Probably no other member of the Obama Cabinet has racked up as many frequent-flier miles over the past three months than former Colorado Senator Ken Salazar. As the new sheriff in town at the Department of the Interior, he's been taking his agenda on the road -- presiding over offshore lease sales in New Orleans, visiting Indian schools in the Dakotas, studying global warming in Alaska and drought in California, denouncing ethical lapses under the former regime in Lakewood. It's been a dizzying display of bold initiatives and whizbang theater -- and a bit of a tightrope walk between environmental and development interests, as detailed in my March feature, "The Zen of Ken."

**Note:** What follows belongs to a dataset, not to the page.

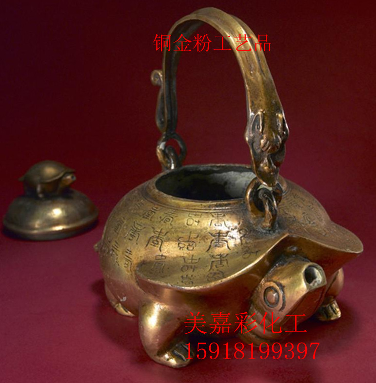 佛山美嘉彩15918199397铜金属粉是一种浮型片状颜料,由一定比例的铜、锌和铝合金,经熔炼、球磨、分级到所需要的规格和效果而成。铜金粉的色相可分为黄金粉、青金粉、红金粉、紫铜粉、古铜粉等。

Just in the past few days, Salazar moved to withdraw a last-minute, Bush-era rule allowing mountaintop miners to dump waste in streambeds; announced the formation of a new Office of Youth (not to be confused with the Bureau of Indian Affair's Office of Utes, headed by Fred Gwynne); rolled back another Bush regulation designed to "streamline" (or cripple) the Endangered Species Act; and found time to unveil this progress report on his first 100 days. Not surprisingly, the report is rather, well, complimentary.
Some of the biggest challenges on Salazar's long list -- like actually building the infrastructure for the alternative-energy "moonshot" he keeps talking about -- still lie ahead. But the Secretary has certainly hit the ground running. Maybe it's time to take a breather and hit that family-operated Dairy Queen on the north side of town. We'd hate to see the hardest-working member of the Cabinet sidelined by sheer exhaustion.